=== Records to process ===

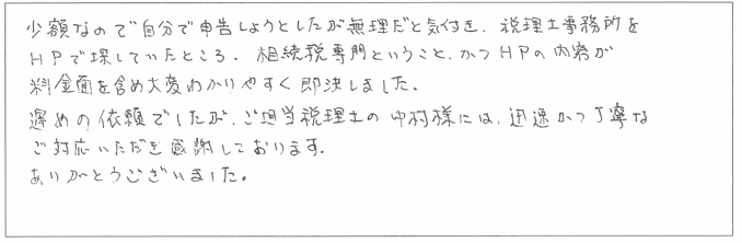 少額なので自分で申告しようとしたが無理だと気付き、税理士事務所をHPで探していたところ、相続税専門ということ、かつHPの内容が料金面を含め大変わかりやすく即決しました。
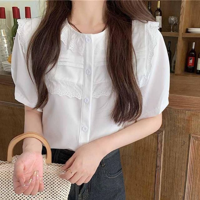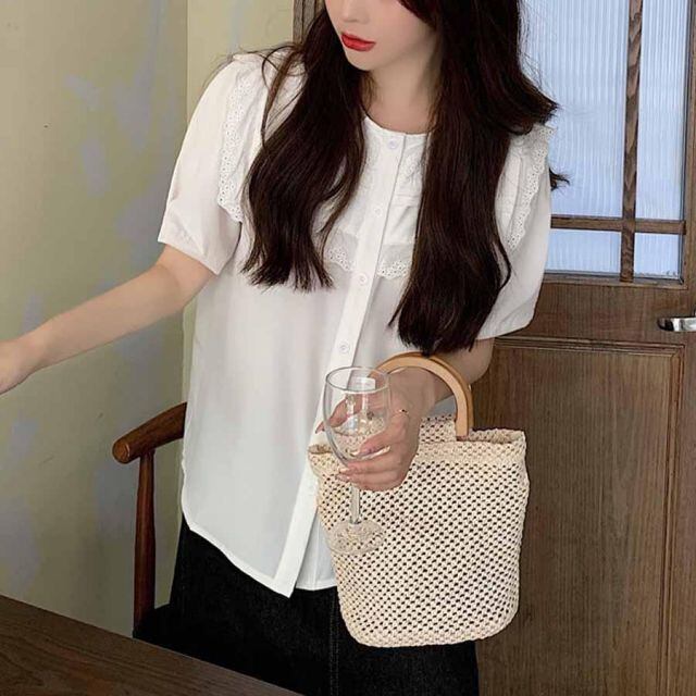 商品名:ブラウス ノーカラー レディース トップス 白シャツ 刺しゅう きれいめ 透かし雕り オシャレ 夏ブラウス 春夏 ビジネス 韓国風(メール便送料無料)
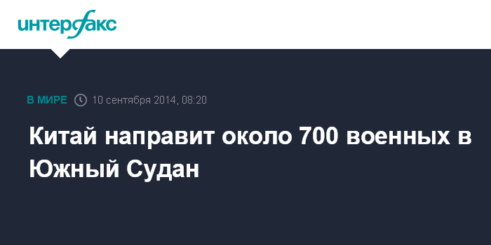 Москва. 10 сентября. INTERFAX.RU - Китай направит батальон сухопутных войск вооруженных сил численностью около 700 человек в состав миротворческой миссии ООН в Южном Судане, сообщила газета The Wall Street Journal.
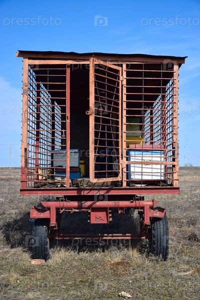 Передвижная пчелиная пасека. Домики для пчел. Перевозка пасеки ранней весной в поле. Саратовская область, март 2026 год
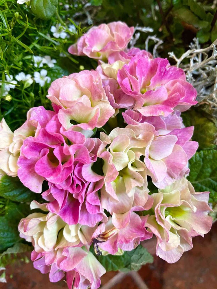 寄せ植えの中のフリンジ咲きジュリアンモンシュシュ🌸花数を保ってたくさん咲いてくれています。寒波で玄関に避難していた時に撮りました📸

=== Work required ===
Please reproduce the entries above exactly, omitting every picture.

=== Response ===
 少額なので自分で申告しようとしたが無理だと気付き、税理士事務所をHPで探していたところ、相続税専門ということ、かつHPの内容が料金面を含め大変わかりやすく即決しました。
 商品名:ブラウス ノーカラー レディース トップス 白シャツ 刺しゅう きれいめ 透かし雕り オシャレ 夏ブラウス 春夏 ビジネス 韓国風(メール便送料無料)
 Москва. 10 сентября. INTERFAX.RU - Китай направит батальон сухопутных войск вооруженных сил численностью около 700 человек в состав миротворческой миссии ООН в Южном Судане, сообщила газета The Wall Street Journal.
 Передвижная пчелиная пасека. Домики для пчел. Перевозка пасеки ранней весной в поле. Саратовская область, март 2026 год
 寄せ植えの中のフリンジ咲きジュリアンモンシュシュ🌸花数を保ってたくさん咲いてくれています。寒波で玄関に避難していた時に撮りました📸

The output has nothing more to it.